I wanted to hang up, but didn’t. I had several questions, and it would take me too long to describe my issues clearly in writing, so I had to talk with them to resolve the problem. But left waiting on hold it occurred to me that they don’t want problems. And questions answered directly are a liability. And issues? Well, we all have issues, honey.

I let fifteen more minutes pass before hanging up.

Two days later I called again, with the exact same results. I hung up twenty minutes into the call. I didn’t have the time to wait on the line while getting two kids ready for school before going to work that morning.

A few days later I called again.

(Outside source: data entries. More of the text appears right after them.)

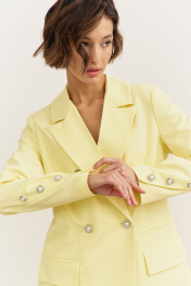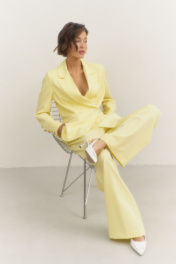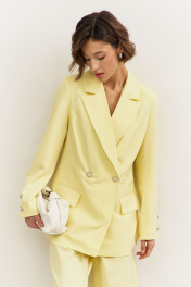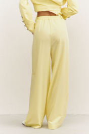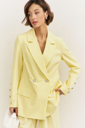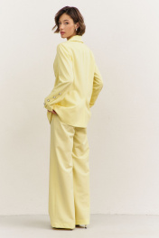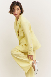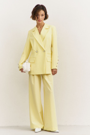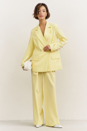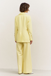 Костюм женский ( жакет и брюки) : -жакет полуприлегающего силуэта -рукава длинные, двушовные, втачные -локтевой шов с фигурной шлицей и декоративными пуговицами -воротник пиджачного типа -жакет на подкладке с плечевыми накладками -брюки длинные, широкие -застежка на пуговицу.
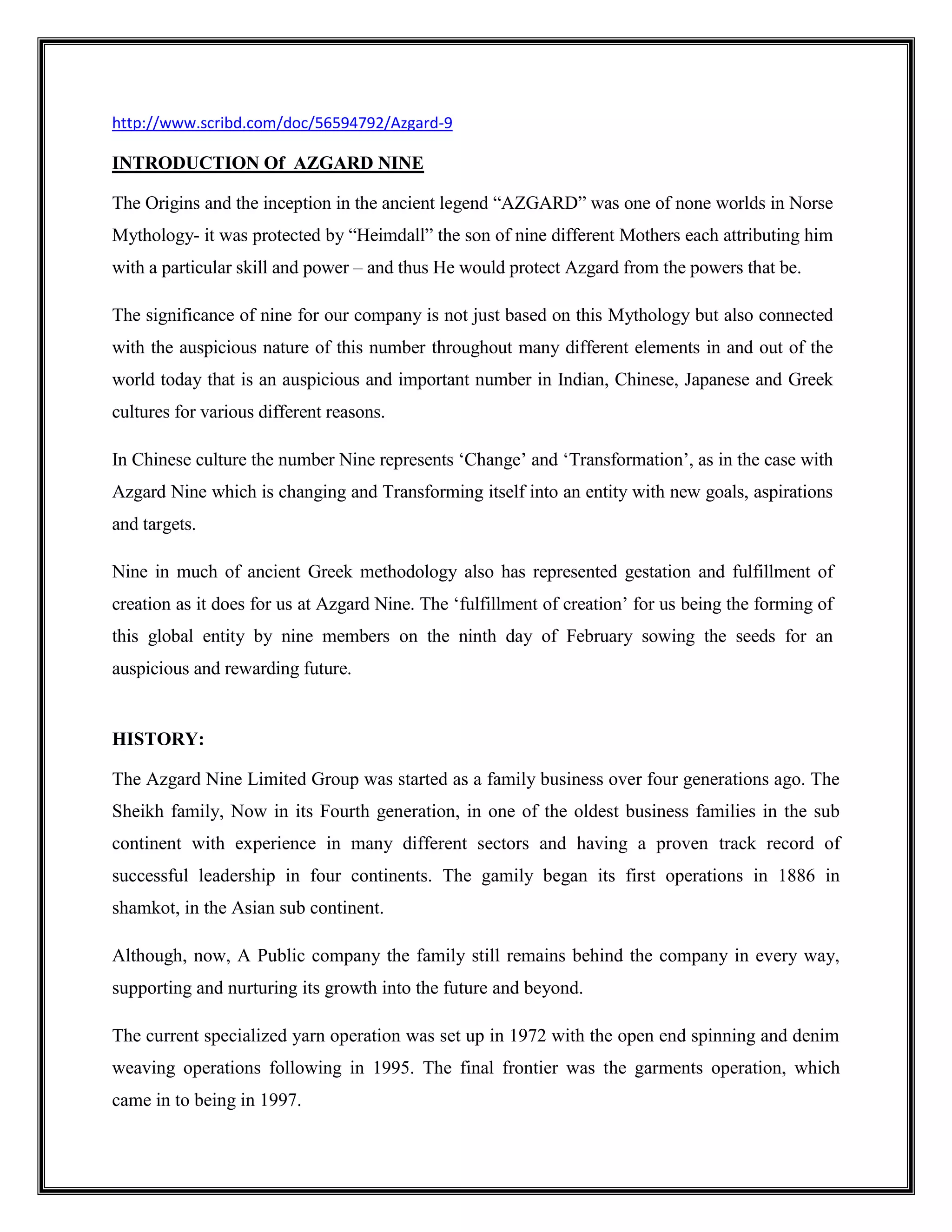 The document provides background information on Azgard Nine, a textile company based in Pakistan. Some key points:
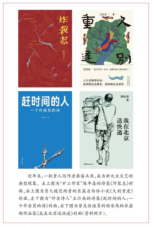 王计兵:素人写作其实一直存在,比如一些文学大家,他们在成名之前,很多都是素人。我们今天所说的素人写作,大多是指在网络环境下展现出来的普通人的写作现象。比如矿工、商贩、出租车司机、外卖员,他们都是广大人群中普普通通的一员,却因写作被甄别出来。素人写作因为更加贴近大众生活,容易被读者接纳。就像我曾在笔记里写过的感受:“我们终因普通而不凡。”素人写作的特质,在于大多有浓郁的情感与真实的生活。以我自身为例,我既是“外卖骑手”中的一员,也是“外卖骑手”的观察者。我会观察他们的日常、他们的语言表达,并整理成作品。去年,我出版诗集《低处飞行》,选“飞行”这个词是因为联想到我们的工作状态几乎都是贴地“飞行”,想传递的生活态度就是:我们有“翅膀”,无论所处位置高低,只要我们愿意,每个人都可以“飞行”。当然,素人写作者走进大众视野后,应该更加努力,不能让“素人写作”的标签拉低了新大众文艺的高度。
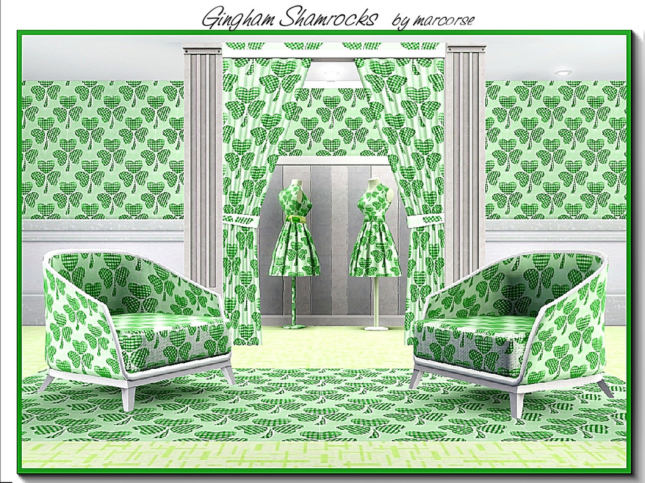 Themed pattern: crisp green gingham shamrocks for St. Pat's Day 2016
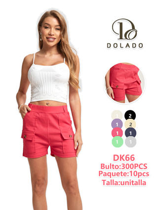 โดลาโด้ กางเกงขาสั้นคาร์โก้ผู้หญิงเอวสูงสีทึบผ้าใบระบายอากาศได้ดีกางเกงขาสั้นลำลองหนึ่งขนาด DK66

After running the gauntlet a third time I waited on the line to connect with a Customer Service Rep and found myself getting more and more agitated with each passing moment. They were blowing my time and I knew they didn’t care. I guess to them, cutting staff for the minimal cost savings, and enacting the insurance industry’s creed of “delay, deny, defend” was worth part of my sanity.

I waited on hold for 15 minutes when the operator finally came on the line. The first thing she asked for was my account number, the same one I punched into the phone earlier. After a series of ‘security questions,’ twenty minutes into the call we at last got around to my issue, which I explained in great detail. The CSR put me on hold for 10 more minutes before she came back on the line and informed me her records only went back 90 days, which did not address the bills in question. Her managers had access to my full records, but they were in meetings all day and I’d have to call back, or I could go to their website and file a dispute.

A half hour into the call and my blood was boiling. With a curt ‘Thank you,’ I hung up and logged onto their website knowing it would yield no results.

In ten seconds I was on a webpage with a blank field for writing to Customer Care. It took me a good hour to construct a document that explained my problem clearly, and I sent it to them. The next day I got an email back from a service rep that told me he could not release my records without ‘security information’ that he advised me not to give online, and then gave me an 800 number—the same one I had been calling for days—to contact a manager to assist me.

I went back to their website. Anger poured off my fingers and into my words as I typed. I cursed them for making it as time consuming and difficult as possible to communicate. I indicted them for the billions they make annually from all the erroneous bills paid by customers who don’t have the time or the will to run their maze to correct discrepancies. I threatened to choose a different insurer, knowing it was futile since pretty much all corporations rip us off these days. I let my hate for the Insurance industry pour off my fingers, a pyramid scheme from its onset, stealing from clients daily, denying legitimate claims and no one is stopping them. (They are the third largest lobbyists in this country. They get what they want from our govt.) I pointed out social media’s response to the shooting of the United Healthcare CEO, and even confessed to siding with the guy. I purged because I could, because there was no one real on the other end. In fact, I knew anyone who read my email would not care they were stealing from me to keep their job.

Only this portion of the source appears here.